I wasn't aware the US government had passed legislation allowing the NHL to prevent people from declaring bankruptcy. He had a buyer lined up, what more was there to do?
Has nothing to do with everything that came before that time. Had Bettman been doing his job, he surely would have noticed how much money Phoenix was making, and had a reasonable guess at how much they were losing.
Wasn't Moyes trying to sell the team from about 2006? So, yeah, one might consider that he couldn't just keep doing it.
Sometimes you get a minefield dumped on top of you while you were just moving through an open field. (They're called FASCAM, by the way.) IMO for the Coyotes to endure and thrive in Glendale, they needed to have less of a perfect storm of ineptitude and poor lease, but I don't think they expected the title of "least successful franchise in the NHL" would follow them from Winnipeg.
Certainly Moyes made things interesting for the league, I'll grant you that. You at least are admitting that the team had a HORRIBLE lease. It wasn't just Moyes being goofy.
Is this sarcastic? Because if it is, it very much misses the mark. The NHL has established what it believes the franchise needs to survive in a poisoned market.
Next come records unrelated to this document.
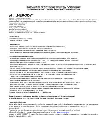 REGULAMIN XX POWIATOWEGO KONKURSU PLASTYCZNEGO ORGANIZOWANEGO Z OKAZJI ŚWIĄT BOŻEGO NARODZENIA pt. „HERODY” Kolędnicy z królem Herodem na czele. Była to duża grupa, złożona z kilkunastu kolędników. Oprócz króla w skład grupy wchodzili: marszałkowie, ułan Turek, Żyd, żołnierze, anioł, diabeł, śmierć. Szedł z nimi grajek – skrzypek lub harmonista. Chodzili po miasteczkach i wsiach w okresie od Bożego Narodzenia do Matki Boskiej Gromnicznej (2 luty). Przychodzili pod dom i śpiewali: „Wiwat, wiwat zaśpiewajmy, Chwałę Bogu oddawajmy. Niech gospodarz wesół będzie, Niech nas przyjmie po kolędzie. Kiedy król Herod królował i nad Żydami panował, Wtenczas się Chrystus narodził, aby ludzi z grzechu oswobodził.” Organizatorzy : Starostwo Powiatowe w Łęcznej Centrum Kultury w Łęcznej Cele konkursu: - przybliżanie poprzez sztukę obrzędowości i tradycji Świąt Bożego Narodzenia, - rozwijanie i kształtowanie wyobraźni plastycznej Herodami, - rozbudzanie zainteresowań kulturą i folklorem ziemi Łęczyńskiej, - upowszechnianie inicjatyw twórczych poprzez prezentację prac szerokiemu kręgowi odbiorców, Zasady uczestnictwa w konkursie: - uczestnikami mogą być dzieci i młodzież z powiatu łęczyńskiego, których prace będą oceniane w pięciu grupach wiekowych: przedszkolaki, klasy I – III szkoły podstawowej, klasy IV – VI szkoły podstawowej, gimnazja, szkoły ponadgimnazjalne, - organizator powoła Jury, które zdecyduje o zakwalifikowaniu prac do konkursu, zakwalifikowaniu prac na wystawę oraz przyznaniu nagród, - kryteria oceny: trafność doboru tematu pracy, wyraz artystyczny, oryginalność, stopień trudności wykonania, - w każdej grupie wiekowej dla zwycięzców zostaną przyznane 3 nagrody i wyróżnienia, - instytucje i nauczyciele reprezentowane przez autorów prac otrzymają pamiątkowe dyplomy, - prace plastyczne należy wykonać w formacie A -3, w dowolnej płaskiej technice plastycznej z wyjątkiem materiałów nietrwałych i sypkich, - prace zbiorowego autorstwa, zwinięte w rulon, zniszczone lub niezgodne z regulaminem nie zostaną zakwalifikowane do konkursu, - przyjmujemy wyłącznie prace zawierające informacje: imię i nazwisko autora, klasa, adres i numer telefonu szkoły, imię i nazwisko nauczyciela pod kierunkiem którego praca została wykonana, dane prosimy umieszczać na formularzu zgłoszeniowym i na odwrocie pracy, - prace wykonane zgodnie z wymogami regulaminu wraz z kartą zgłoszenia (w załączeniu) prosimy dostarczyć do dn. 18 grudnia 2015 r. na adres: Centrum Kultury, ul. Obrońców Pokoju 1, 21 – 010 Łęczna Otwarcie wystawy, ogłoszenie wyników konkursu, wręczenie nagród i dyplomów nastąpi w dniu 12 stycznia 2016 r. o godz.13.00 w Centrum Kultury ul. Obrońców Pokoju 1 Postanowieni końcowe Udział w konkursie oznacza akceptację regulaminu oraz zgodę na przeniesienie własności i praw autorskich na organizatora, w tym zgodę na wykorzystanie prac i danych osobowych do realizacji konkursu oraz w celach informacyjnych i promocyjnych. Przysłane prace przechodzą na własność organizatora. Nie zwracamy prac zgłoszonych na konkurs. Informacje o konkursie i jego wynikach dostępne będą na stronie: www.ck.leczna.pl oraz po nr tel. 81 7521547. W przypadku nieobecności podczas podsumowania konkursu dyplomy i nagrody można odebrać do końca stycznia 2016 r. w CK. KARTA ZGŁOSZENIA DO XX EDYCJI KONKURSU PLASTYCZNEGO ORGANIZOWANEGO Z OKAZJI ŚWIĄT BOŻEGO NARODZENIA Pt. „HERODY” Placówka delegująca (nazwa, adres, telefon) …………………………………………………………………………………………………… …………………………………………………………………………………………………………………………………………………………………………. Imię i nazwisko nauczyciela/instruktora………………………………………………………………………………………………………….. …………………………………………………………………………………………………………………………………………………………………………. Uwaga! Prosimy wypełniać czytelnie LP. Imię i nazwisko autora 1 2 3 4 5 6 7 8 9 10 Klasa i wiek Wyrażam zgodę na przetwarzanie przez Centrum Kultury w Łęcznej danych osobowych zawartych w zgłoszeniu do celów organizacji konkursu zgodnie z ustawą o ochronie danych osobowych z 29.08.1997 r. (Dz.u.2014poz.1182, z późniejszymi zmianami). Dn……………………… …………………………………………………………………. Czytelny podpis nauczyciela/instruktora pod kierunkiem którego wykonano pracę
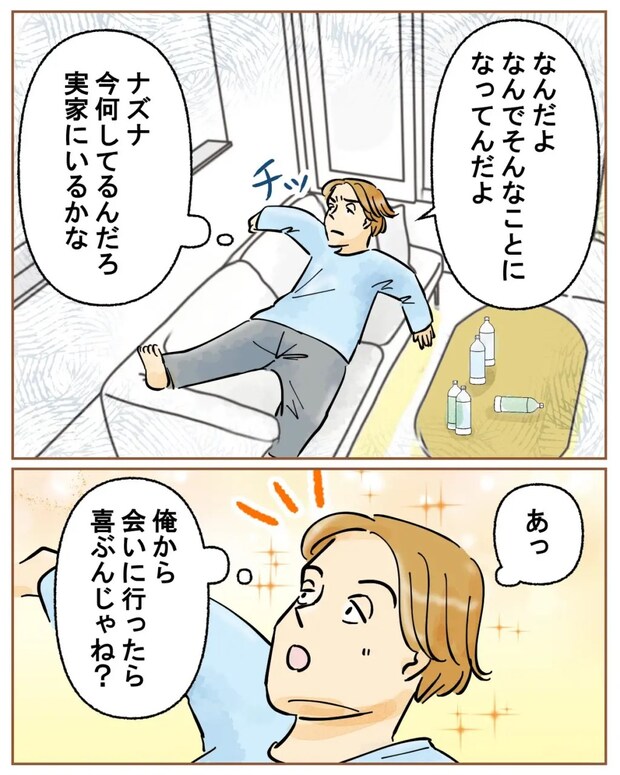 家に帰ったツカサさんは、「なんだよ。なんでそんなことになってんだよ」と文句を言いながら、「ナズナ、今何してるんだろ。実家にいるかな」と呟くと、「あっ、俺から会いに行ったら喜ぶんじゃね?」と勝手に名案だと思いつきました。
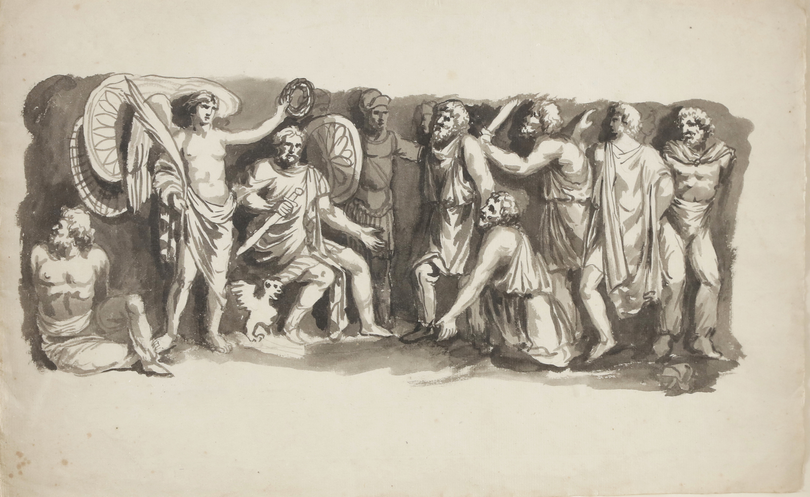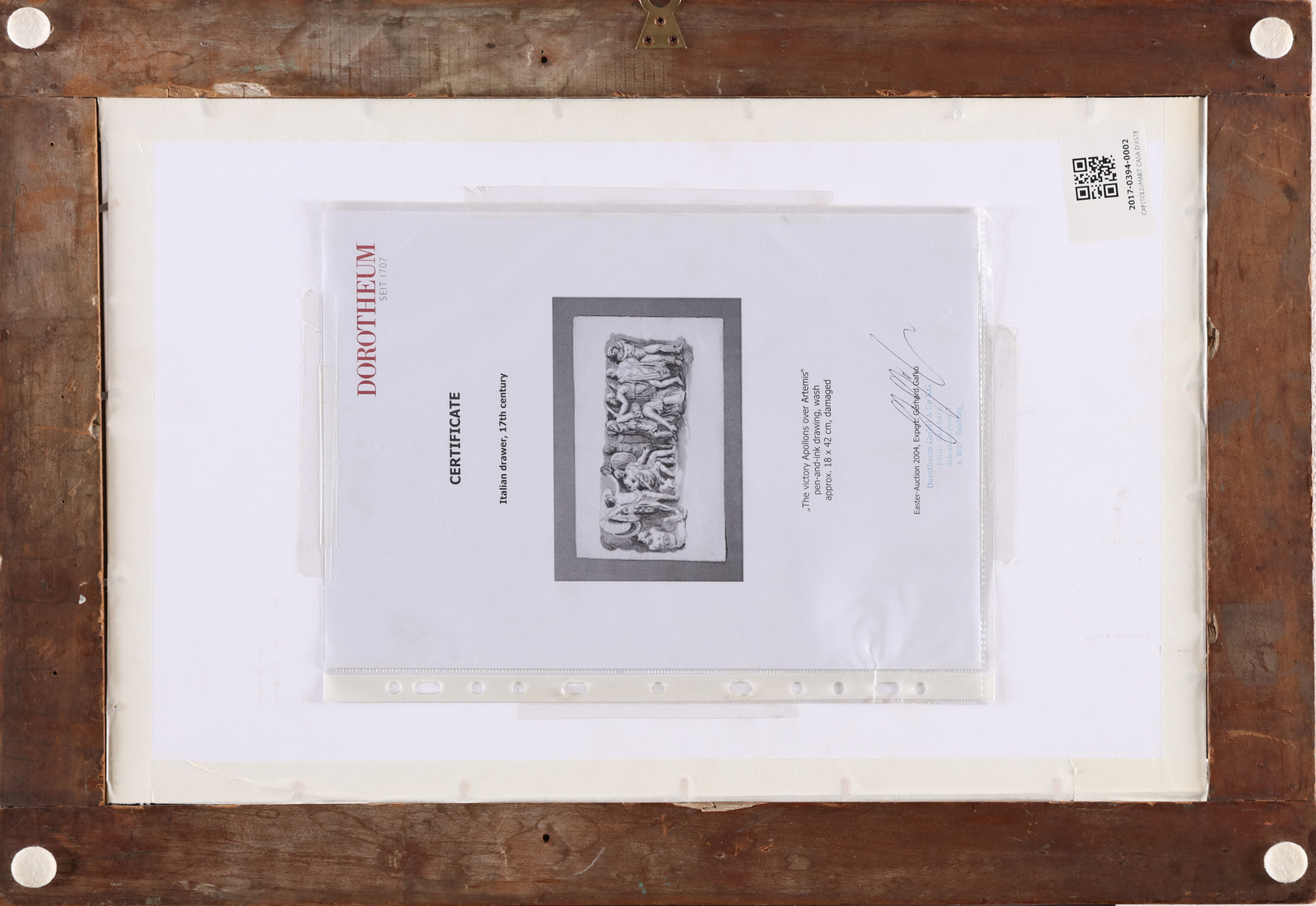 ARTISTA DEL XVII SECOLO. La vittoria di Apollo su Artemide. Tecnica mista su carta. Cm 39,00 x 23,50. Certificato della Casa d'aste Dorotheum, 2004.
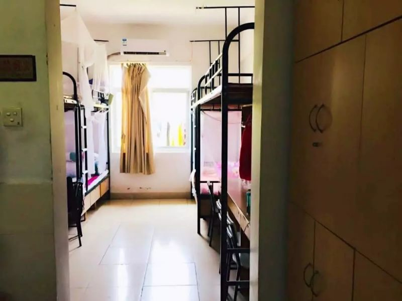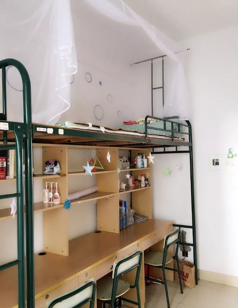 女生宿舍的课桌椅分两列摆放在一号床与六号床下铺位置,而男生宿舍的桌椅则集中排放在宿舍的中间位置,两两相并拢。
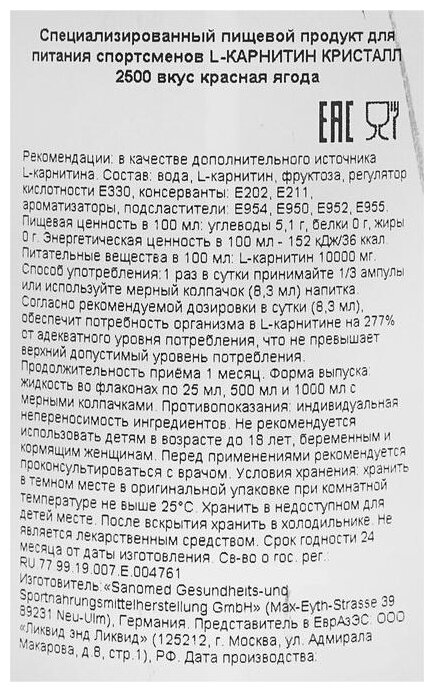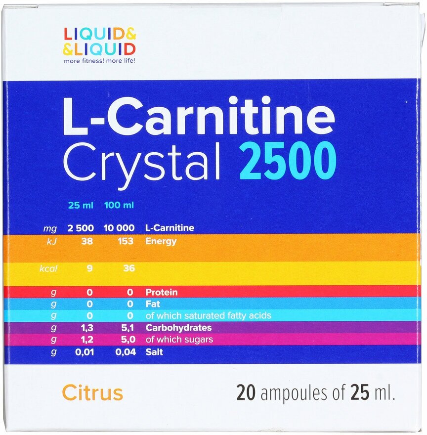Type: L-carnitine, dosage form: solution, dietary features: aspartame-free, gluten-free, lactose-free, maltodextrin-free, sucralose-free, for whom: for children, for women, for men
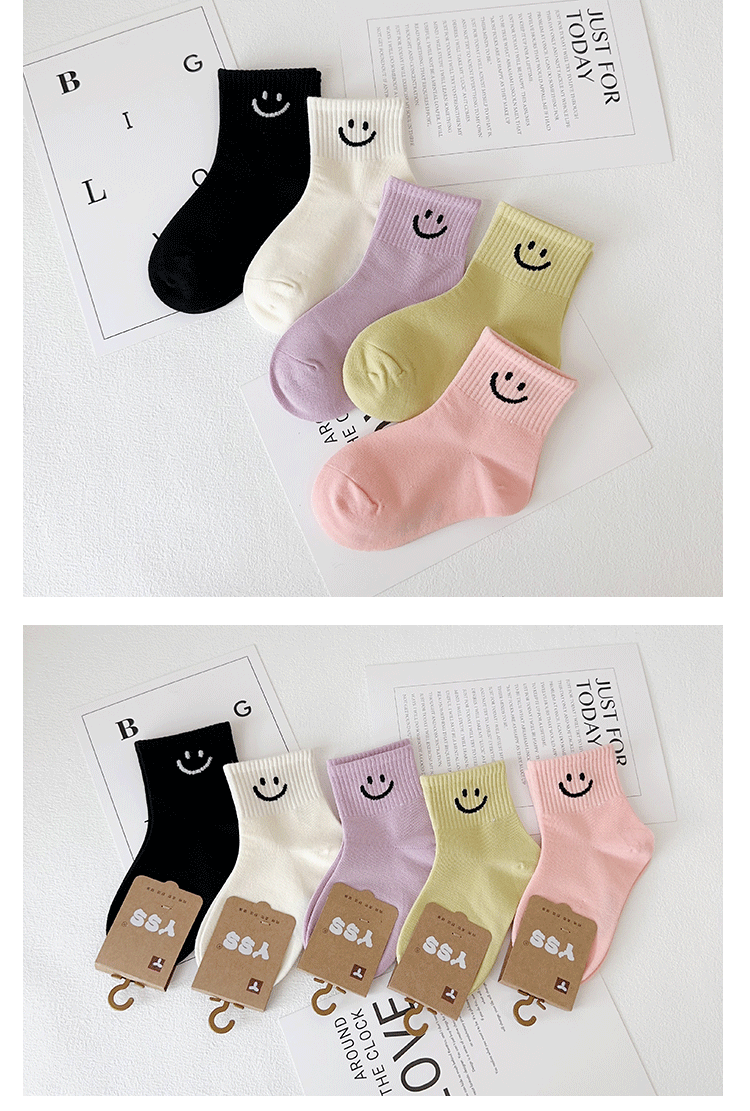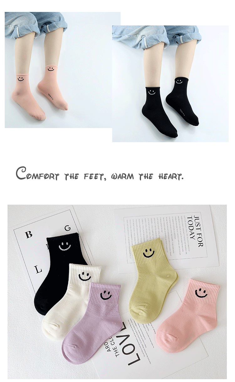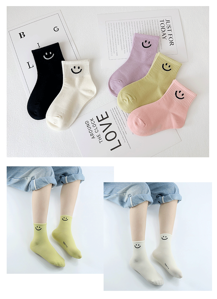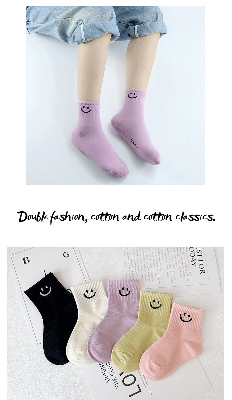 Yi Pair 어린이 양말 가을과 겨울 새 만화 스마일리 중견 양말은 코튼 걸스 스포츠 양말 뼈없는 어린이 양말스토어 가기

It is not what the franchise needed before the poisoning, as evidenced by the fact the league DID find a buyer back then who was only driven out by the fact the current people "owning" the team were trying to destroy it. But it is what it is now, and if Glendale cannot give the franchise what it needs to survive after the punishment inflicted on it by Moyes and Balsillie, then it will move.
No, this is the point. If the extraordinary measures we see now are what's needed to help this team survive, are you saying that Moyes could have done it with the old lease? Heck, he wasn't even going to get $18-19m for managing the arena, let alone $100m upfront.
If Moyes had received half the help being doled out now, this entire situation might have been avoided.
I find the league's insistence on finding a deal that actually works for the franchise to be one of the smartest things it has done in this whole ordeal, and that's pretty impressive. No selling the team just to have it fail, which is what it would do if the people who mistakenly think this is all about Bettman's ego were actually correct.
I'm not sure I know what you mean in this paragraph. The entire point of contention here is that this deal is taking public money and handing it over to a private entity or party. The only way the team is viable is with public bonds and potentially excise taxes to back it up.
I'm not sure I think this is a good move for the league as far as ownership models. This goes beyond who the team is and where it's located, but it would represent a crossing of the Rubicon for pro sports economic models.